● **Task details**
Beginning with the line that holds "ある日、調べものをしていたら" in the data below, give again every line through the one that holds "ちなみにホテル一楽は全館空調", exactly as written.

● **Source information**
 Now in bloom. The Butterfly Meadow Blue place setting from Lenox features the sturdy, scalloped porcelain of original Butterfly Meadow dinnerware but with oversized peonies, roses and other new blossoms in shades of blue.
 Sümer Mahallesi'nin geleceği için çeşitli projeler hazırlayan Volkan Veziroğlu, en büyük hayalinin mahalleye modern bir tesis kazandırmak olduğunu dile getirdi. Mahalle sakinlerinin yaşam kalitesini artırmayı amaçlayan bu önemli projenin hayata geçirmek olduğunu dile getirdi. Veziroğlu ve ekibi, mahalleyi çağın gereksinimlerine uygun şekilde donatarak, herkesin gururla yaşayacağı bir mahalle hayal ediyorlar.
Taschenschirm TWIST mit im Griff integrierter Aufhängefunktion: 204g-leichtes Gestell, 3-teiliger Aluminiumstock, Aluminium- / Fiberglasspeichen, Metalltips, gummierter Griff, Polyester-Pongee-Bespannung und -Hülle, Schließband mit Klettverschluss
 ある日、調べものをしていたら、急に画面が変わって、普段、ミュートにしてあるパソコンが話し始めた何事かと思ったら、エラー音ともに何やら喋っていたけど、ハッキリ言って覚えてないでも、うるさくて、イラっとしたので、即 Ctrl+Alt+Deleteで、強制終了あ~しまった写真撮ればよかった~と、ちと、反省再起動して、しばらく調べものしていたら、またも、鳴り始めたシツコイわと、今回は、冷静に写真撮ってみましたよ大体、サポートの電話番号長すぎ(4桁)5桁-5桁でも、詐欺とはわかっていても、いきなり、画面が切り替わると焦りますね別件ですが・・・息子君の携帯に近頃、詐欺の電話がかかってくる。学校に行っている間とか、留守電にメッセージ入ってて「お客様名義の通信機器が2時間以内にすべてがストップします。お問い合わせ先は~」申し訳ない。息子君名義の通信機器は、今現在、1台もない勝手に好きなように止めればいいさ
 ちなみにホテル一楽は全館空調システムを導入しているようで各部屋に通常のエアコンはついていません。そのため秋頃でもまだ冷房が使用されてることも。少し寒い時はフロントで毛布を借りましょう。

==

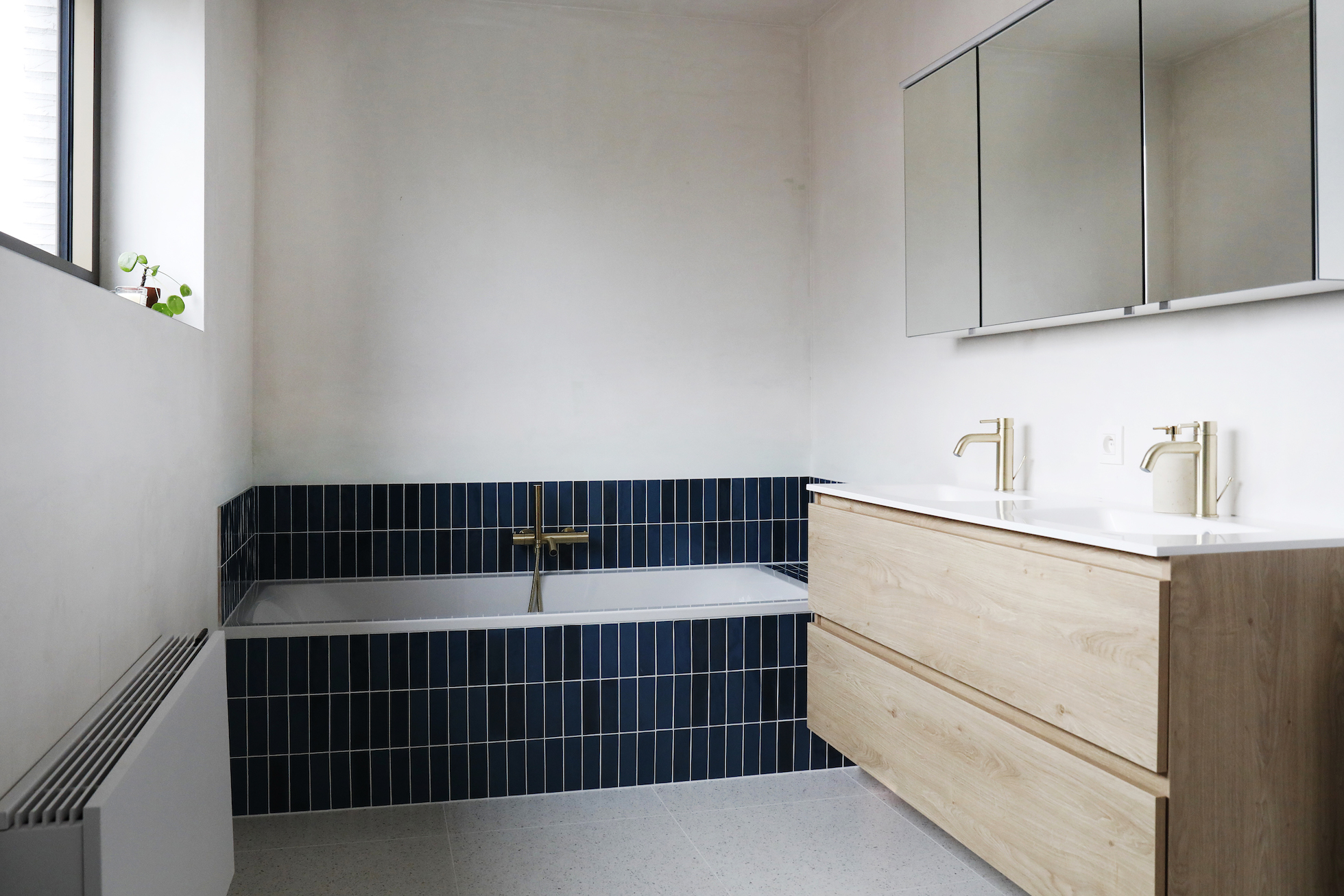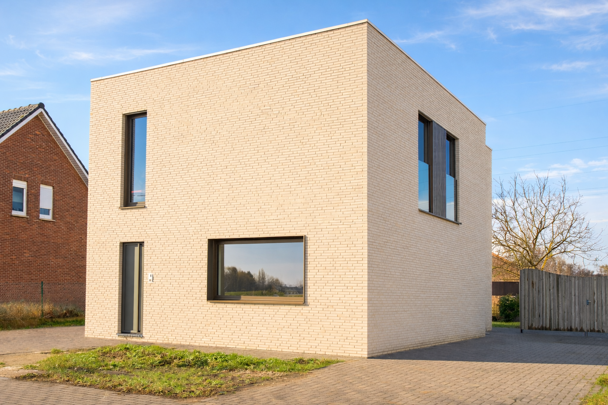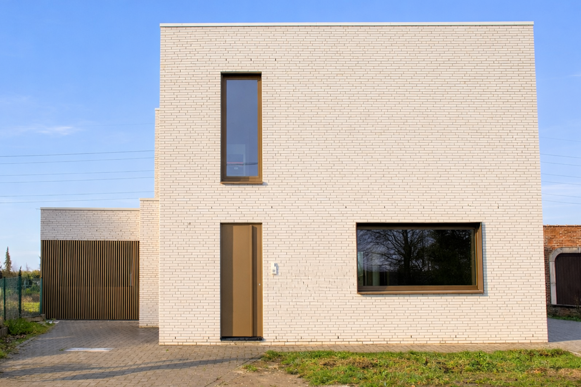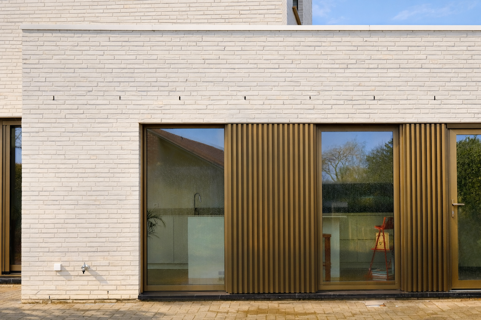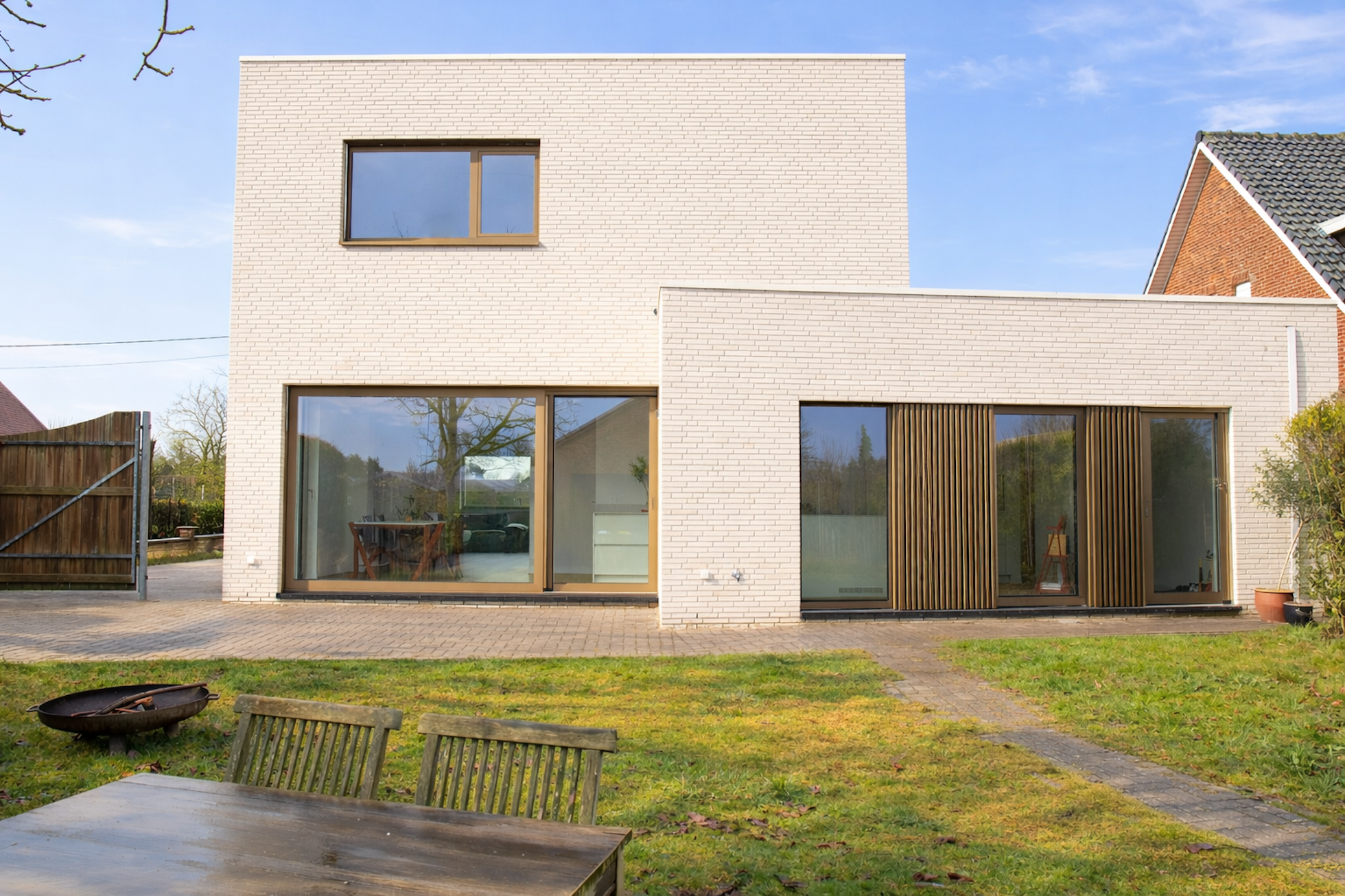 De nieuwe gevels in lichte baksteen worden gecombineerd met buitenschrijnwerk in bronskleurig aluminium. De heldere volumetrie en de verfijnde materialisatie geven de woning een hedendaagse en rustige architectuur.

● **Written answer**
 ある日、調べものをしていたら、急に画面が変わって、普段、ミュートにしてあるパソコンが話し始めた何事かと思ったら、エラー音ともに何やら喋っていたけど、ハッキリ言って覚えてないでも、うるさくて、イラっとしたので、即 Ctrl+Alt+Deleteで、強制終了あ~しまった写真撮ればよかった~と、ちと、反省再起動して、しばらく調べものしていたら、またも、鳴り始めたシツコイわと、今回は、冷静に写真撮ってみましたよ大体、サポートの電話番号長すぎ(4桁)5桁-5桁でも、詐欺とはわかっていても、いきなり、画面が切り替わると焦りますね別件ですが・・・息子君の携帯に近頃、詐欺の電話がかかってくる。学校に行っている間とか、留守電にメッセージ入ってて「お客様名義の通信機器が2時間以内にすべてがストップします。お問い合わせ先は~」申し訳ない。息子君名義の通信機器は、今現在、1台もない勝手に好きなように止めればいいさ
 ちなみにホテル一楽は全館空調システムを導入しているようで各部屋に通常のエアコンはついていません。そのため秋頃でもまだ冷房が使用されてることも。少し寒い時はフロントで毛布を借りましょう。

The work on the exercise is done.